Work required
Find the line containing "Polo manches longues". Retype it and every later line of the records exactly, leaving out pictures.

Information

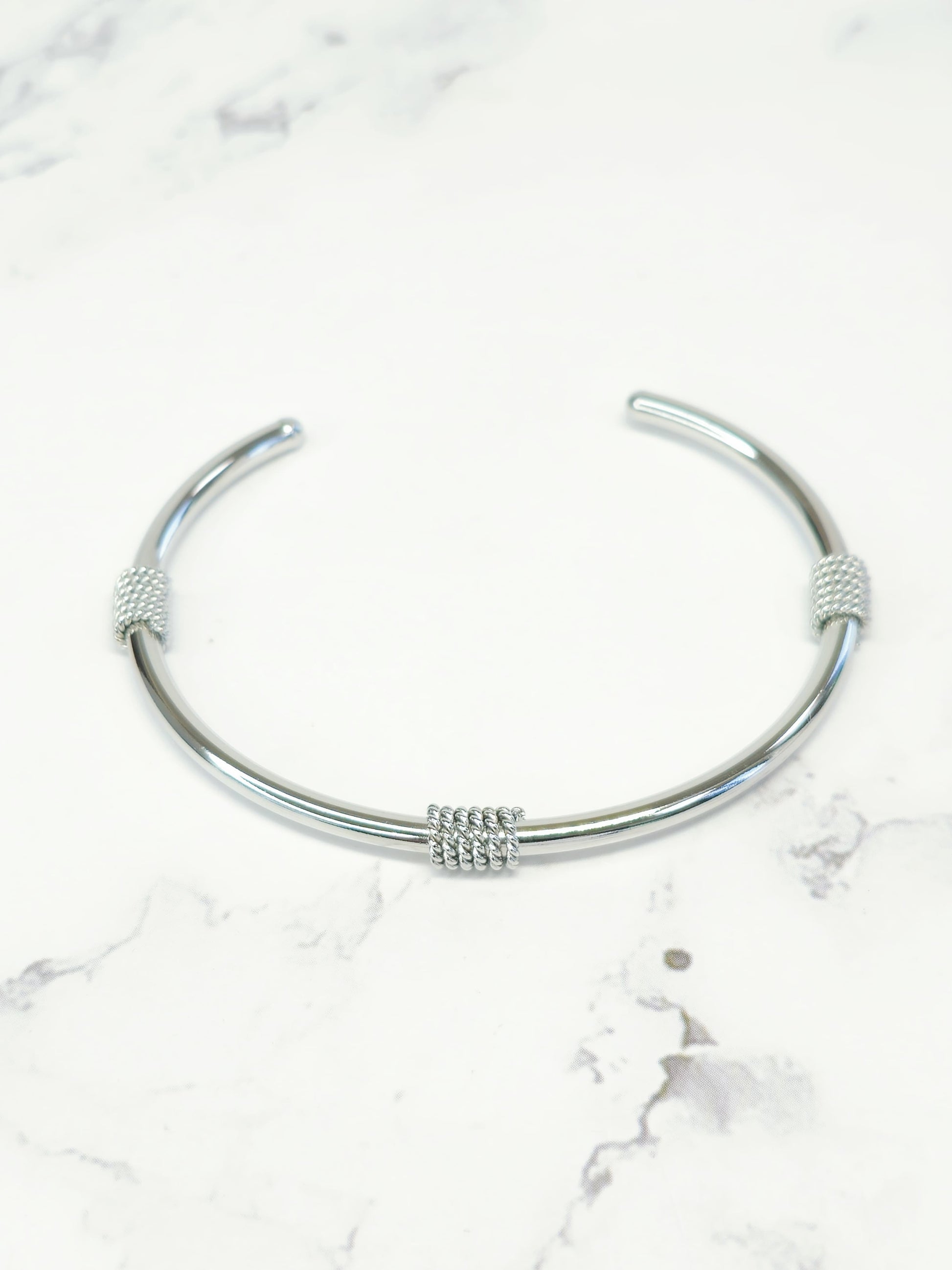 Explora la elegancia minimalista con nuestro brazalete delgado de acero inoxidable, caracterizado por su superficie lisa y tres enredaderas de alambre trenzado que aportan un toque moderno. Este accesorio combina la simplicidad con un diseño intrincado, creando un brazalete que es tanto sofisticado como contemporáneo. Eleva tu estilo diario con esta pieza que fusiona la sutileza del acero inoxidable con la modernidad de los detalles trenzados.
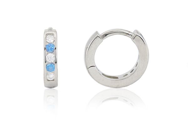 Ezüst gyermek fülbevaló keskeny karika világoskék és fehér kövekkel
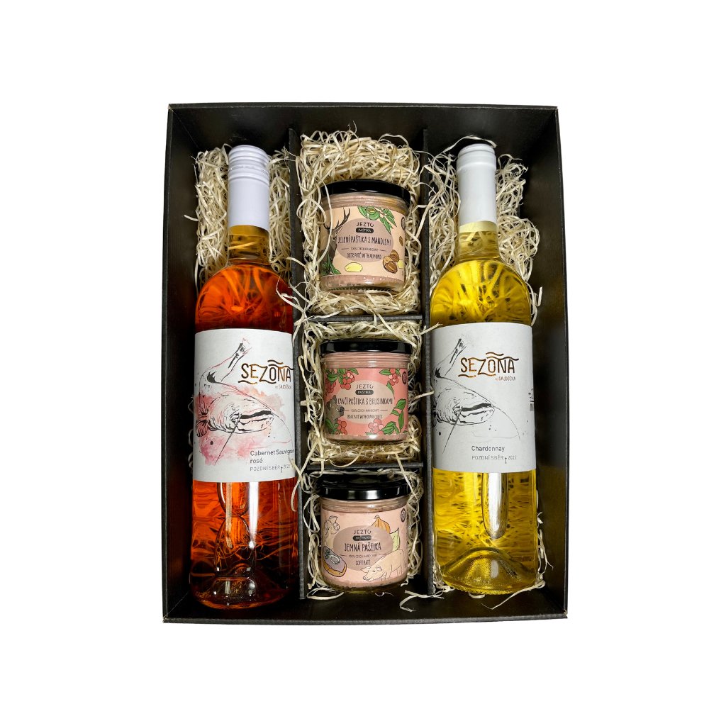Prožijte Exkluzivní gastronomický zážitek v jedinečné dárkové sadě. Paštiky plné jemných chutí a vybraná vína, která tvoří nezapomenutelný večer.
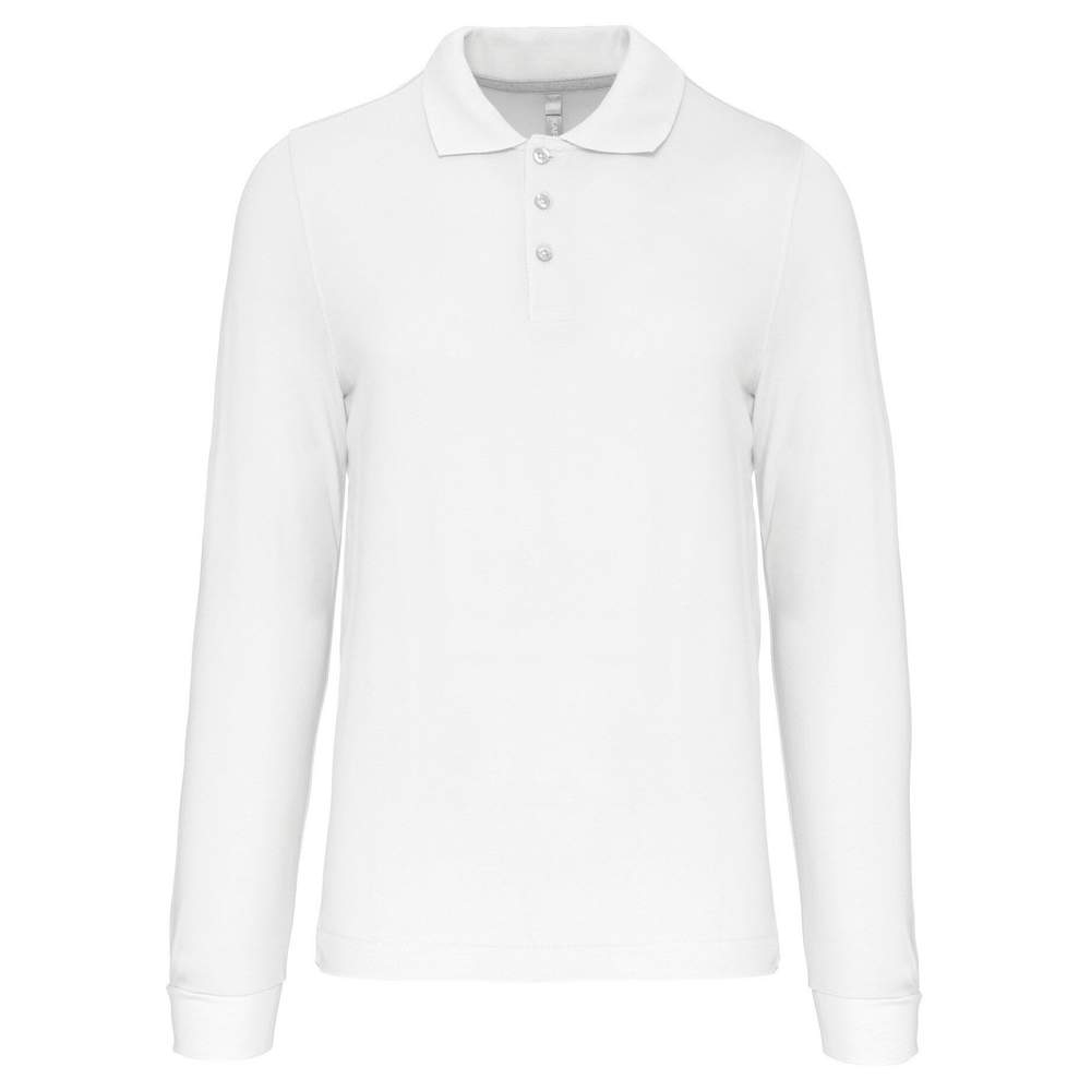 Polo manches longues homme en coton piqué maille, offrant confort et style. Ce polo présente un col en bord-côte, une patte de boutonnage 3 boutons et des poignets en bord-côte pour un ajustement optimal. La finition double aiguille au bas du vêtement assure une durabilité accrue.
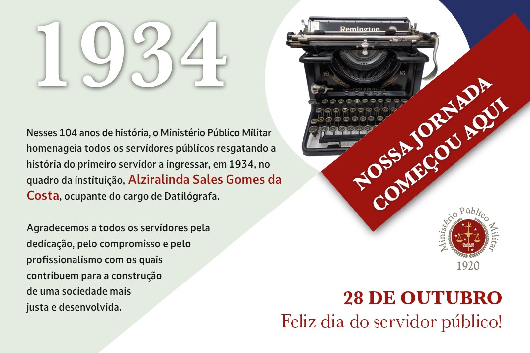 Nesses 104 anos de história, o Ministério Público Militar homenageia todos os servidores públicos resgatando a história do primeiro servidor a ingressar, em 1934, no quadro da instituição, Alziralinda Sales Gomes da Costa, ocupante do cargo de datilógrafa.Agradecemos a t. . .28 de outubro de 2024
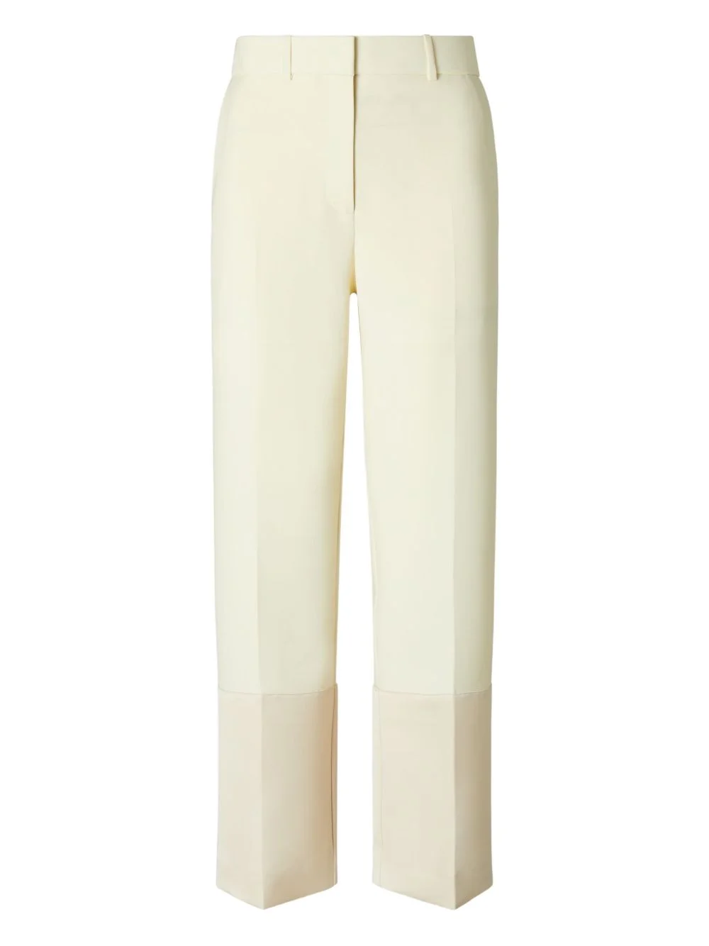 contrast-cuff trousers Highlights - Off-white - Crepe texture - High waist - Straight leg - Contrast cuffs - Zip fly Imported Composition Lining: Polyester 100% Outer: Triacetate 58%, Polyester 42% Washing instructions Read Manufacturer Guidelines

Solution for this problem
 Polo manches longues homme en coton piqué maille, offrant confort et style. Ce polo présente un col en bord-côte, une patte de boutonnage 3 boutons et des poignets en bord-côte pour un ajustement optimal. La finition double aiguille au bas du vêtement assure une durabilité accrue.
 Nesses 104 anos de história, o Ministério Público Militar homenageia todos os servidores públicos resgatando a história do primeiro servidor a ingressar, em 1934, no quadro da instituição, Alziralinda Sales Gomes da Costa, ocupante do cargo de datilógrafa.Agradecemos a t. . .28 de outubro de 2024
 contrast-cuff trousers Highlights - Off-white - Crepe texture - High waist - Straight leg - Contrast cuffs - Zip fly Imported Composition Lining: Polyester 100% Outer: Triacetate 58%, Polyester 42% Washing instructions Read Manufacturer Guidelines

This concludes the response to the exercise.